If you want to eat your way through the city without feeling guilty about all the calories you’ve just put in your body, head down to the Cais do Sodré district. There you will find the Zarzuela bakery that boasts their traditional Portuguese pastries, all gluten-free, dairy-free, and sugar-free! It almost doesn’t sound Portuguese anymore when you take out all those ingredients… but it tastes like the real deal. The bakery is also certified by the Portuguese Celiac Association (APC), a nonprofit organisation that provides services and support to celiac disease victims.
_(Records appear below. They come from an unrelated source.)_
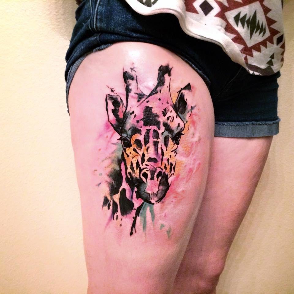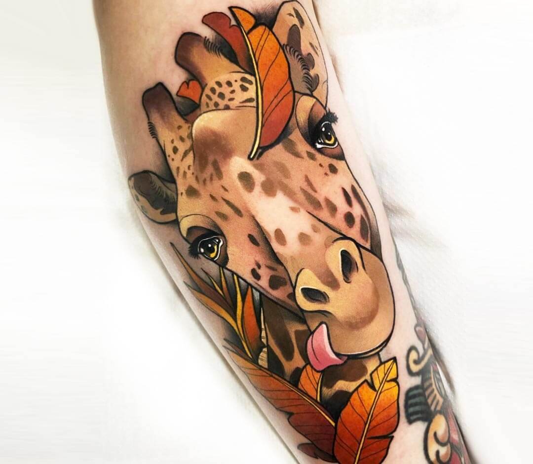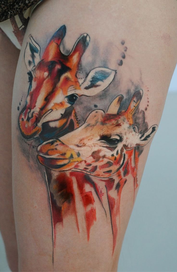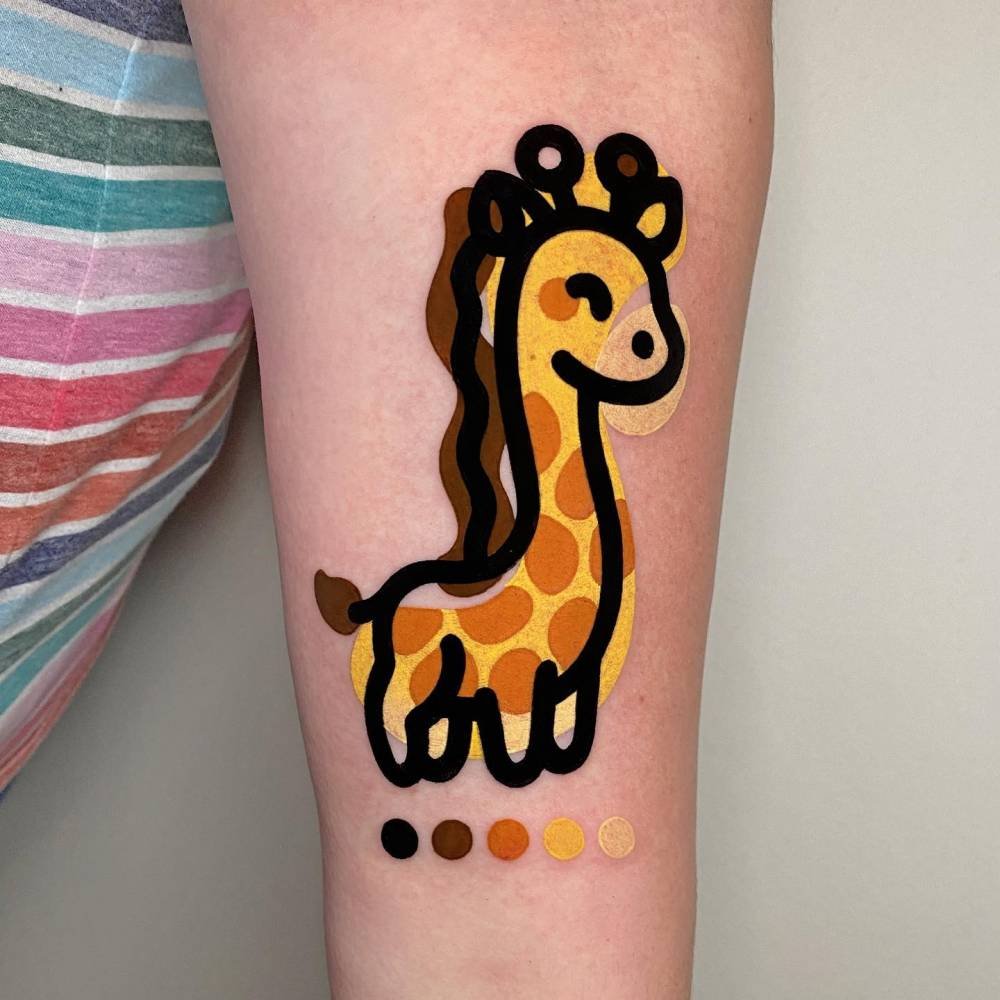 A zsiráf tetoválás nemcsak egyedi, hanem színes is, bármilyen bőrtónushoz alkalmas. Egyébként a zsiráf testén lévő foltok mindig egyediek, akár az emberi ujjlenyomatok.
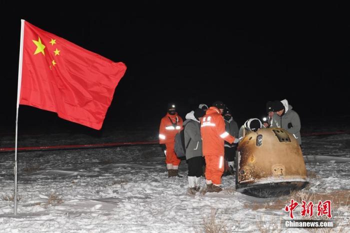 中新網北京12月17日電 (李京澤)北京時間12月17日1時59分,嫦娥五號返回器在內蒙古四子王旗預定區域成功着陸,標志著中國首次月球採樣返回任務圓滿完成。
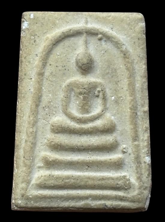 พระสมเด็จเนื้อผงด้านหลังมีรอยหมึกจางจางไม่ทราบที่
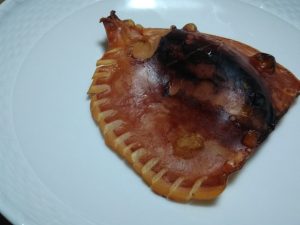 熱々のうちに、切れ目を入れたところから割いて食べます。
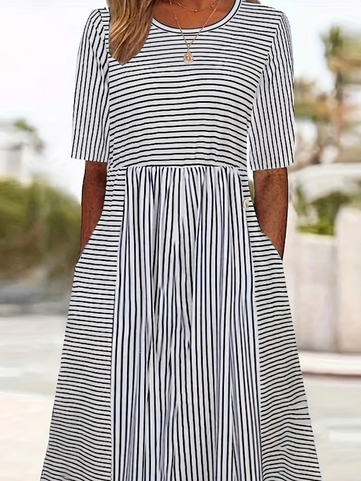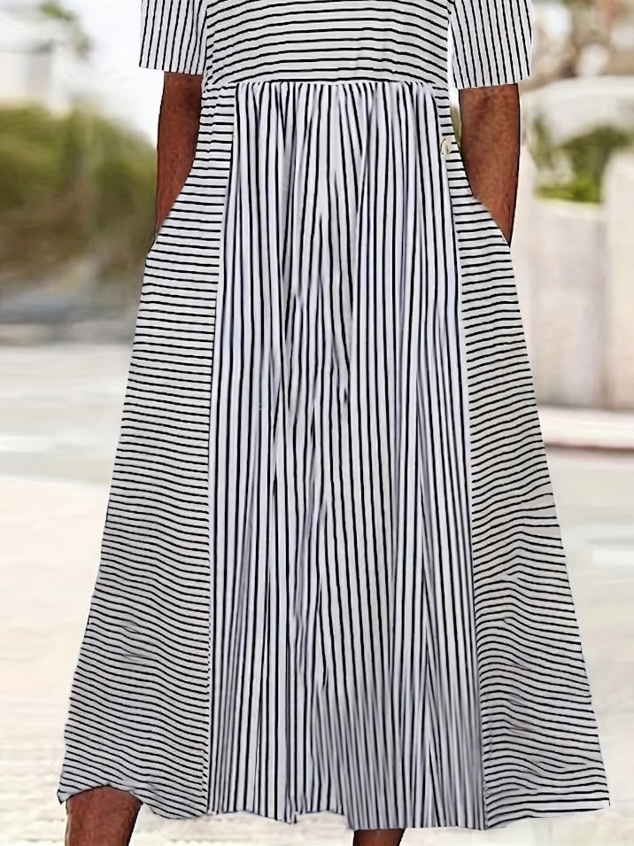 Women's Short Sleeve Summer White Striped Printing Crew Neck Daily Going Out Casual Maxi H-Line Shift Dress Dress

Casa do Licor Pastel de Nata
What happens when you mix a traditional Portuguese breakfast - which is a pastel de nata and a coffee - with some vodka and ice in a cocktail shaker? You get deliciousness in a cup (with a little cinnamon sprinkled on top). Maybe you are familiar with the famous egg custard tart, but if you want to take it to the next level, go to the recently opened Casa do Licor Pastel de Nata in the Bairro Alto district. Creamy and sweet (but not too much), their liquor resembles a Bailey’s with a hint of custard. Once you enter the shop in Largo do Calhariz, I recommend you ask Paulo, who has been bartender/mixologist for seven years, to make you his signature cocktail made with the licor de pastel de nata. It might seem strange at first - but trust me - it is surprisingly tasty and affordable, with cocktails ranging from 6 to 7 euros, and the whole bottle of liquor costs €18.90.